§ Given information:
======

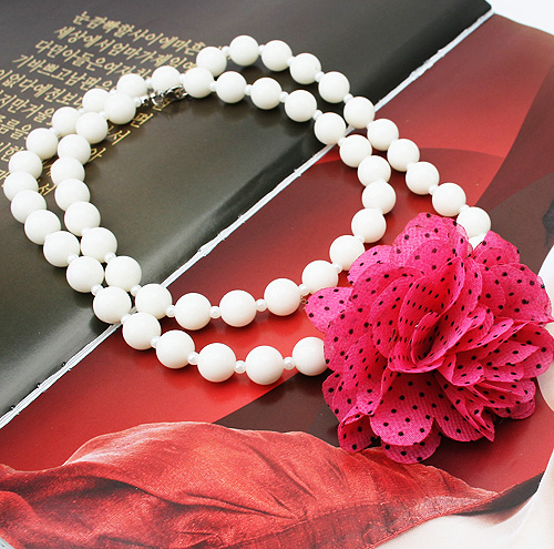 韓式紅色花朵串珠項鍊
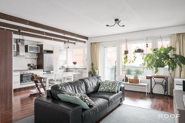 Asunnossa on kolme makuuhuonetta, avara olohuone ja avokeittiö, joka on varustettu kaikilla tarvittavilla kodinkoneilla. Oma sauna tarjoaa rentouttavia hetkiä pitkän päivän päätteeksi. Etelään suuntautuva lasitettu parveke toimii viihtyisänä lisätilana ympäri vuoden.
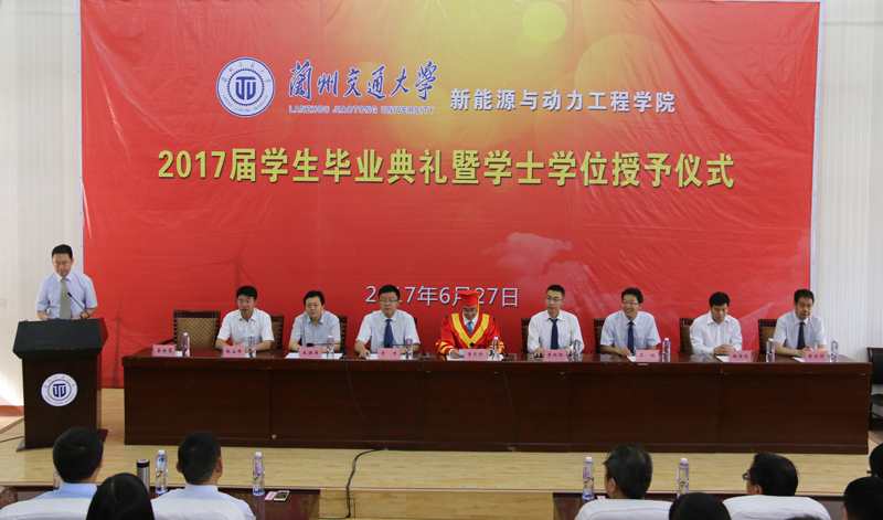 蘭交大教務(wù)處副處長王海涌宣讀了關(guān)于授予學(xué)士學(xué)位的決定;學(xué)生處處長貢力宣讀了關(guān)于表彰2016屆優(yōu)秀畢業(yè)生的決定;校黨委副書記、常務(wù)副校長李引珍為2017屆畢業(yè)生代表正冠撥穗并頒發(fā)學(xué)位證書;各位領(lǐng)導(dǎo)為畢業(yè)生頒發(fā)了畢業(yè)證書和優(yōu)秀畢業(yè)生榮譽(yù)證書。

======

Would you give again exactly the lines from the line containing "Asunnossa on kolme" through the end of the listing, both ends included, without any pictures?

§ Reply to the exercise:
 Asunnossa on kolme makuuhuonetta, avara olohuone ja avokeittiö, joka on varustettu kaikilla tarvittavilla kodinkoneilla. Oma sauna tarjoaa rentouttavia hetkiä pitkän päivän päätteeksi. Etelään suuntautuva lasitettu parveke toimii viihtyisänä lisätilana ympäri vuoden.
 蘭交大教務(wù)處副處長王海涌宣讀了關(guān)于授予學(xué)士學(xué)位的決定;學(xué)生處處長貢力宣讀了關(guān)于表彰2016屆優(yōu)秀畢業(yè)生的決定;校黨委副書記、常務(wù)副校長李引珍為2017屆畢業(yè)生代表正冠撥穗并頒發(fā)學(xué)位證書;各位領(lǐng)導(dǎo)為畢業(yè)生頒發(fā)了畢業(yè)證書和優(yōu)秀畢業(yè)生榮譽(yù)證書。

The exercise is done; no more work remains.